LoPucki keeps a database on large public filings and says Wilmington, if anything, has vanquished the opposition.

"Without the case flow continuing to go to Delaware, the judges won't have the work, and not having the work means you get to sit around and look at the walls," LoPucki said. "These are high-powered people. They only have jobs as long as they keep the executives, the lawyers and the [bankruptcy] lenders happy."

LoPucki's analysis is well-known among the tight community of Wilmington bankruptcy lawyers and court employees, who almost uniformly reject it.

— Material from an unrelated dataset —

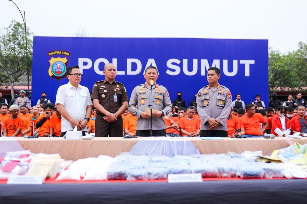 “Tadi malam kita tangkap 45 kilogram sabu. Sabu ini adalah jaringan juga dari Aceh untuk wilayah Sumatera. Untuk peredaran di Sumatera Utara sampai dengan Lampung, kita berhasil tangkap 11 orang jaringan ini dan kita akan kembangkan kembali,” kata Agung.

"My view is different," said David Bird, the clerk of the federal Bankruptcy Court in Wilmington. "Certainly, anyone can look at the factual situation and draw different conclusions. The way I view it is, the debtor has a choice of a number of different venues, a business judgment is made, and the case is filed. A party can request that a case be transferred, and the fact that there are not many objections" shows that most participants are satisfied.

Whatever the reason, no one disputes that Wilmington now is the center of the bankruptcy universe and that cases are surging.

According to the court's statistics, Chapter 11 filings hit 1,007 this year after a low of 258 just three years ago, at the height of the bull market and strong economy.

By far, the most important metric in the bankruptcy world, however, is the number of big cases. And by this measure, Wilmington is the winner hands down.

From 2000 to 2008, federal bankruptcy courts in Wilmington handled 39 percent of all U.S. filings by companies with assets of $250 million or more, a total of 158 cases, according to statistics compiled by LoPucki. The closest competitor was the federal Bankruptcy Court in Manhattan, which had half as many - 75 - during this period.

Of the 26 big bankruptcy cases over the last two years in jurisdictions around the country, Wilmington's share has grown to 58 percent.

Such cases can generate enormous professional fees. LoPucki estimates that in the Enron Corp. bankruptcy, which was filed in New York, lawyers, investment bankers, accountants and other professionals were paid $1.2 billion. The smaller Montgomery Ward bankruptcy filing in Wilmington in 1997 generated $37 million in fees.

Although Delaware long has been known for its favorable treatment of corporations, Wilmington was not always a bankruptcy hot spot.

Pepper Hamilton L.L.P. lawyer David Stratton, co-chair of the firm's bankruptcy practice, recalls that when he started practicing in Wilmington in the early 1980s, the number of bankruptcy lawyers numbered "five or six." The Delaware Bar Association now lists more than 250 in its bankruptcy section.

By the mid-1990s, the jurisdiction started to gain a reputation for favoring measures that eased the way for companies to exit bankruptcy and get back on their feet again.

As the pace of filings began to pick up, the district's two sitting judges could not keep up, and judges from other jurisdictions were brought in to hear cases.

The workload grew further in 2005 as Congress debated and passed the federal Bankruptcy Reform Act, which made it harder for consumers to escape debt through bankruptcy. Many sought to evade the new restrictions by filing before the law was passed. In anticipation of the greater workload, funding for four additional judges was included in the bill.

In Wilmington, the judges were selected by a committee comprising mostly local bankruptcy lawyers, who forwarded their choices on to the U.S. Court of Appeals for the Third Circuit, in Philadelphia, which made the final decision.

Three of the picks were bankruptcy lawyers; the other had been a bankruptcy judge in Philadelphia.

It is a system that has worked well, contends James Patton of Young Conaway.

"Bankruptcy is really one big transaction, where you are either restructuring or selling assets," he said. "It is pretty rare that anyone wants to get out of Delaware. It does happen from time to time, and our judges are pretty willing to send them away."